Karen’s daughter can’t wait to start homeschooling this year. Karen agonized about whether or not to homeschool her daughter because she didn’t want her to be sheltered. In the end, she decided to go for it. She told me, “Even though her private school was excellent, there were certain things they wanted mastered before other things. I understood why they did that, but it can’t always work for everyone. Now I have a lot more freedom to tailor the experience to my kids’ strengths.”

“Less assigned homework and more learning about his own interests”

Brad and his wife began homeschooling their son midway through his kindergarten year. Their son has always been a fast learner. He started reading around his third birthday, and by the time he entered kindergarten, he was reading story books.

After three months in kindergarten, he started to withdraw and completely stopped reading, telling his parents that kindergarteners shouldn’t read. According to Brad, he had received the message at school that kindergartners weren’t supposed to know how to read yet. As a result, he felt alienated and different from his classmates, so he stopped reading.

Brad pulled his son from kindergarten and both he and his wife started working with him at home. At first they just tried to get him reading again. After about a month, he began to read. They continued to homeschool him through the seventh grade.

In eighth grade, Brad’s son wanted to re-enroll in public school. He started the Leap program, which was a program for about 40 advanced eighth graders in the district. Brad said the program, “teaches the four academic subjects essentially two years ahead, and that was a great environment for him.” Additionally, Brad loved the middle school environment, describing it as a “wonderfully managed place with a no-bullying environment.”

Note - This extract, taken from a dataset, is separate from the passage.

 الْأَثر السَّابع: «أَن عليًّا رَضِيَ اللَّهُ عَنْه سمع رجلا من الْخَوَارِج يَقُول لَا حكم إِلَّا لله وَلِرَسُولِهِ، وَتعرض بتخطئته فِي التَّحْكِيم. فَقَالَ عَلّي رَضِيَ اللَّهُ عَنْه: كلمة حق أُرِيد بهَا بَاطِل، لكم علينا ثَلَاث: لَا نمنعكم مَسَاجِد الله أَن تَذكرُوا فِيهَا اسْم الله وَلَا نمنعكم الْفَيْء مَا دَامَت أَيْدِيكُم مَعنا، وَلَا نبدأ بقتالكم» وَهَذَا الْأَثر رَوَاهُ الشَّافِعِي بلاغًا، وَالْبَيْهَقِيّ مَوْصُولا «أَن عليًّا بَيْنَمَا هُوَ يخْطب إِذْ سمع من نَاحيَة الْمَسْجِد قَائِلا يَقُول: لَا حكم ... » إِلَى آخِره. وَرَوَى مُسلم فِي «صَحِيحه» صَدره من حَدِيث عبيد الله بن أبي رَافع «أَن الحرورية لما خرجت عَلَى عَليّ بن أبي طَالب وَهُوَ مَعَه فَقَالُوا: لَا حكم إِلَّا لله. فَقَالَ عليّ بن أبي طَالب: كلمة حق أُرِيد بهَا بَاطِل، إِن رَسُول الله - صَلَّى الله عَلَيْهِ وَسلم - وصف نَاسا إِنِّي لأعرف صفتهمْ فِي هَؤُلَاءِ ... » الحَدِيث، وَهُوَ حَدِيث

Brad’s son started eighth grade in the public high school but decided quickly that he wanted to go back to homeschooling. Without the Leap program, his classes were too easy and he had too much homework. Back at home, he spends less time on homework and more time learning about his interests.

Moving away from the factory model of schooling

These stories only represent three families’ experiences, but the theme emerging from them is clear. In each of their stories, these families chose a more individualized approach that lets the students be the drivers of their own learning. Parents want the type of education they choose for their child to be a good fit.

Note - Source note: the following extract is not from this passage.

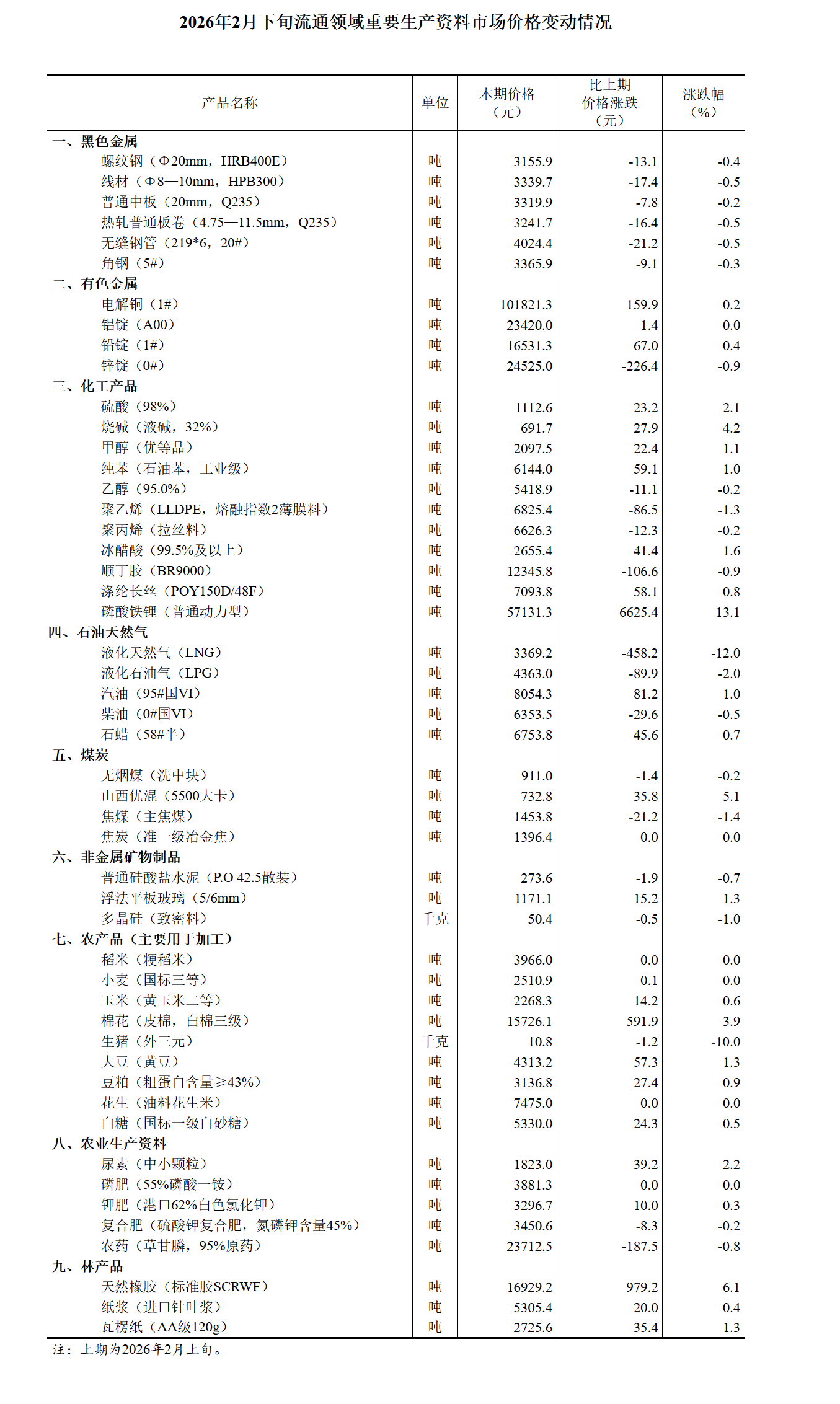 2026年2月下旬流通领域重要生产资料市场价格变动情况
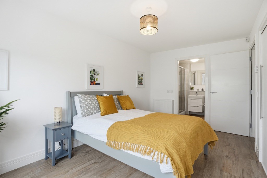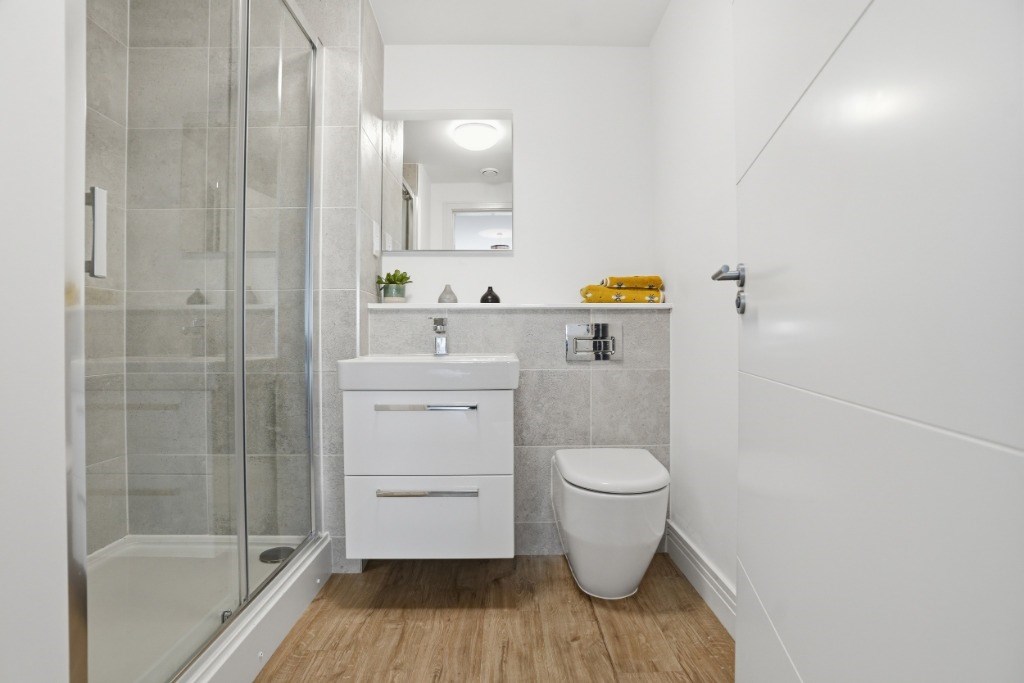 The main bedroom has a double bed, wooden flooring throughout, bedside table and a spacious built in wardrobe. The bedroom has access to en-suite, the en-suite has a shower enclosure, sink with storage underneath, heated towel rail and motion censored LED mirror. The en-suite is tiled throughout making it easy to clean and wipe down.

Some schools are already moving towards a personalized learning approach. In David Osborne’s report, “Schools of the Future: California’s Summit Public Schools,” the CEO of Summit Public Schools explains their belief in personalized learning:

“The industrial model is really driven by adults… Kids come in, they’re told where to go, where to sit, what they’re going to learn, when they’re going to learn it. You’re on the assembly line. We believe the next generation models are about the students being empowered to drive their own learning.”

Technology has enabled schools to move towards more personalization. I experienced this firsthand as a teacher in New Orleans. For the majority of the day, my students attended traditional classes. For one hour each day, however, every student from kindergarten to eighth grade did lessons online in math and reading. These lessons were tailored to the individual student’s needs. If one of my sixth graders was on a fourth grade reading level, she would be doing fourth grade reading lessons during that hour to help her catch up.  At the same time, another student reading at an eighth grade level would be working on eighth grade reading lessons.

As gains in technology allow schools to adopt a personalized approach, it may be time to rethink the industrial model. If successful, this approach could make public schools attractive for homeschool parents and students who want an individualized learning experience.

Molly Osborne

Molly Osborne is the director of policy for EducationNC and the N.C. Center for Public Policy Research.